What is needed is an exact reproduction of the lines in the records below, starting at the line with "为加强员工干部队伍建设,选拔" and ending at the line with "附上整个PPT-Figma的", both included, and nothing else; pictures stay out.

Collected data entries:
== Segment start ==
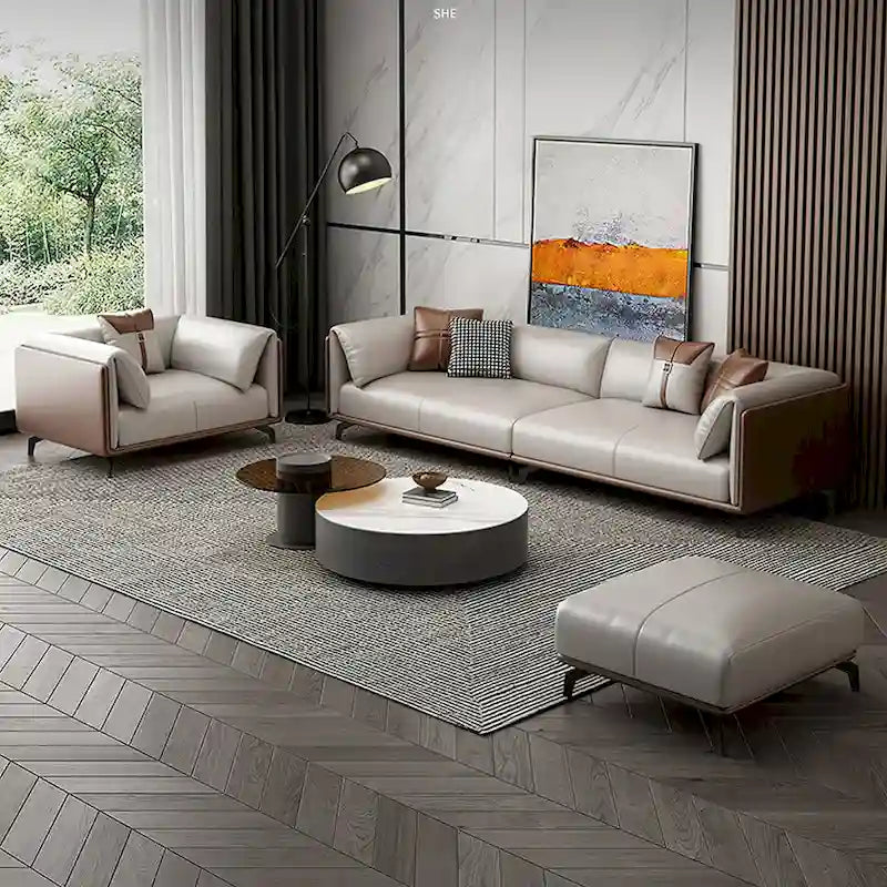 Elevate your living room with a touch of modern sophistication courtesy of our stunning beige sofa. Effortlessly blending comfort and style, this statement piece is sure to become the focal point of your space. Immerse yourself in luxurious comfort with medium-firm cushions featuring a spring foundation and high-density sponge, offering optimal support for hours of relaxation. Crafted with thickened faux leather upholstery, this sofa not only exudes elegance but also ensures easy cleaning and resistance to stains, making maintenance a breeze. Built to last, this sofa boasts a sturdy wooden frame and sleek metal legs, providing robust support with a maximum weight capacity of up to 550 lbs. Sink into the plush comfort of thick foam cushions that create a supportive base and back, allowing you to lounge for hours on end without discomfort.Feature BulletsEasy Assembly: Minimal assembly is required, allowing you to enjoy your new sofa with ease and convenience.Enhanced Stability: Reinforced with a sturdy wooden frame and metal legs, this sofa offers enhanced stability and durability, ensuring long-lasting performance.Durable Construction: Crafted with quality materials and expert craftsmanship, this sofa is designed to withstand daily use and maintain its beauty for years to come.Spacious Seating: With ample seating space, this sofa provides room for family and friends to gather and unwind in comfort, perfect for entertaining or cozy nights in.Versatile Beige Finish: The trendy beige finish adds a modern touch to any living room decor, effortlessly complementing a variety of color schemes and styles.
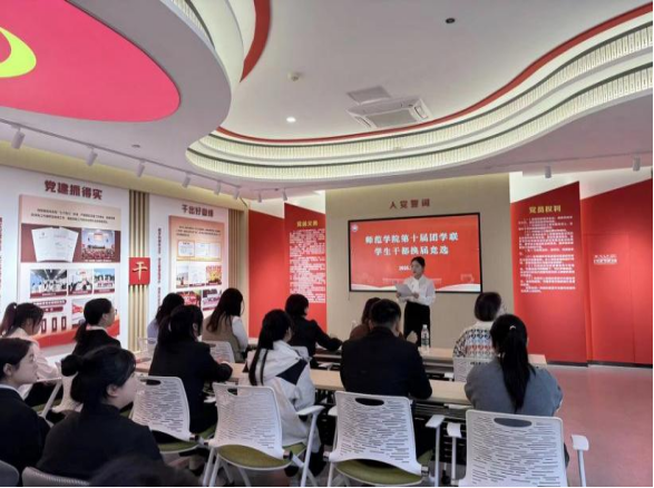 为加强员工干部队伍建设,选拔一批品学兼优、责任心强的员工骨干,保障团学工作的连续性与活力,10月20日,永利yl23411集团第十届团学联员工干部竞选大会在岳秀楼103顺利举行。公司党总支书记彭松林、党总支副书记姚光红,以及教学科李梅老师、综合办公室赵璐老师、员工科组织员宋莹老师出席并担任评委。
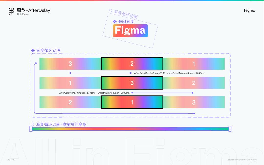 附上整个PPT-Figma的分享链接,大家可以duplicate复制一份以后,点击右上角播放原型,查看ppt里的动效制作,自制了循环动效(顶部、封面封底的彩虹循环)、PPT备注交互(按P可以显示当前页的备注)。觉得好的话记得点赞哟~欢迎随撩~
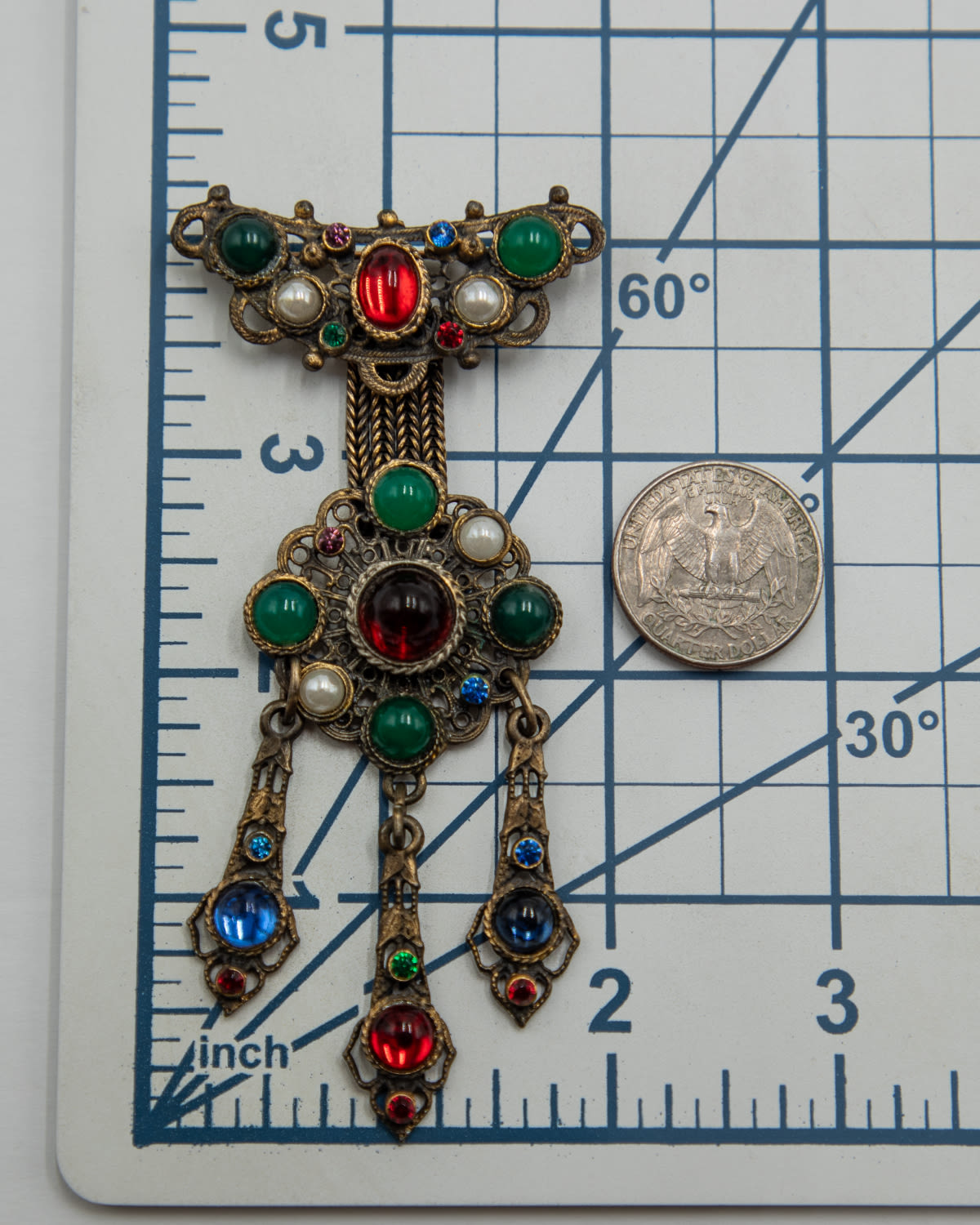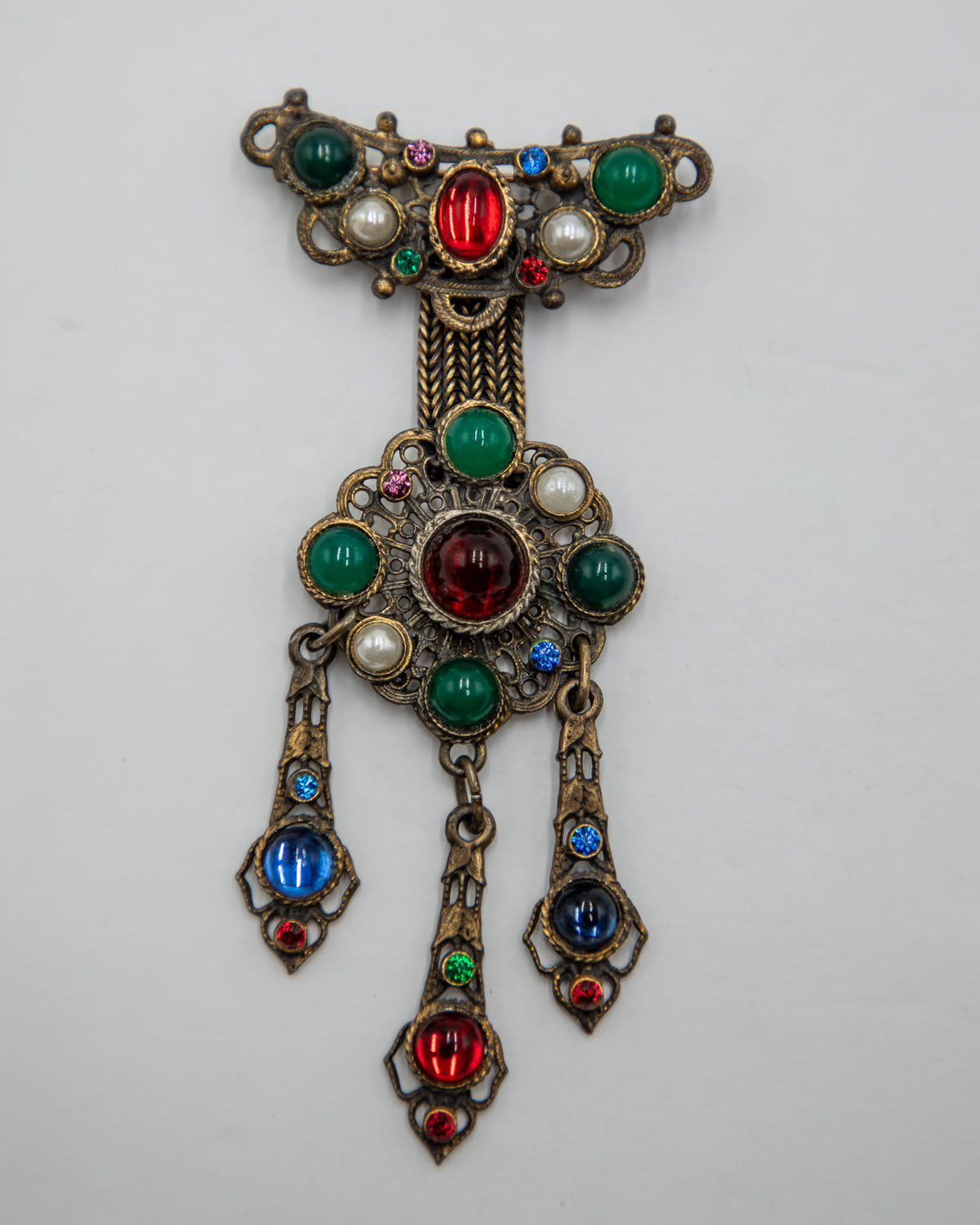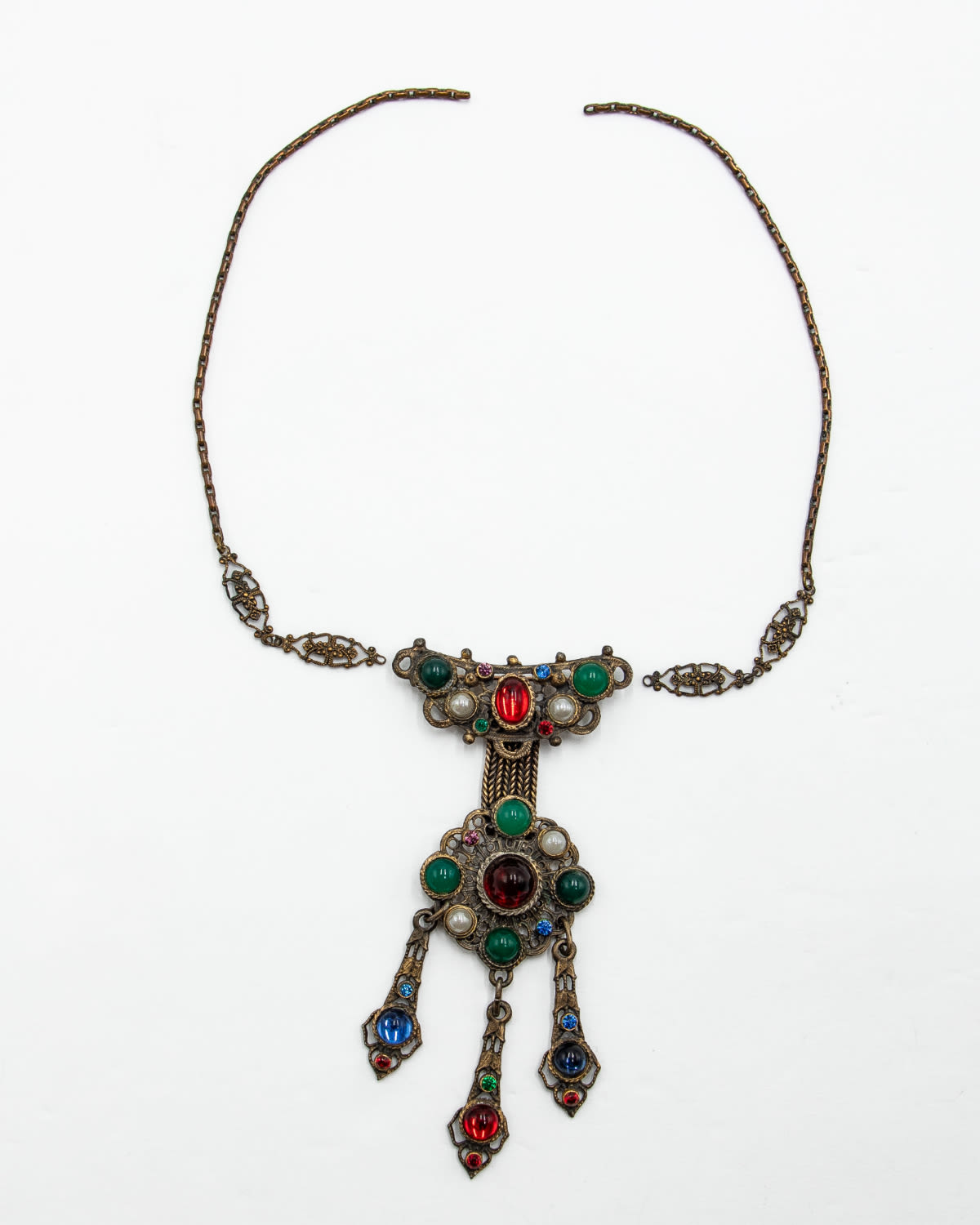 Vintage Czech Rhinestone Brooch Necklace As Is
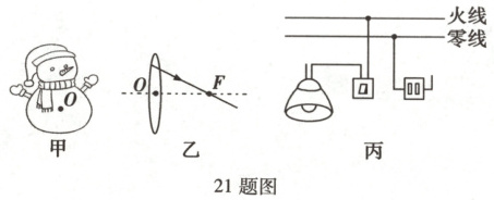 21. (1) 如图甲所示,O为雪人的重心,请画出雪人受到重力的示意图。
== Segment end ==
Response to the exercise:
 为加强员工干部队伍建设,选拔一批品学兼优、责任心强的员工骨干,保障团学工作的连续性与活力,10月20日,永利yl23411集团第十届团学联员工干部竞选大会在岳秀楼103顺利举行。公司党总支书记彭松林、党总支副书记姚光红,以及教学科李梅老师、综合办公室赵璐老师、员工科组织员宋莹老师出席并担任评委。
 附上整个PPT-Figma的分享链接,大家可以duplicate复制一份以后,点击右上角播放原型,查看ppt里的动效制作,自制了循环动效(顶部、封面封底的彩虹循环)、PPT备注交互(按P可以显示当前页的备注)。觉得好的话记得点赞哟~欢迎随撩~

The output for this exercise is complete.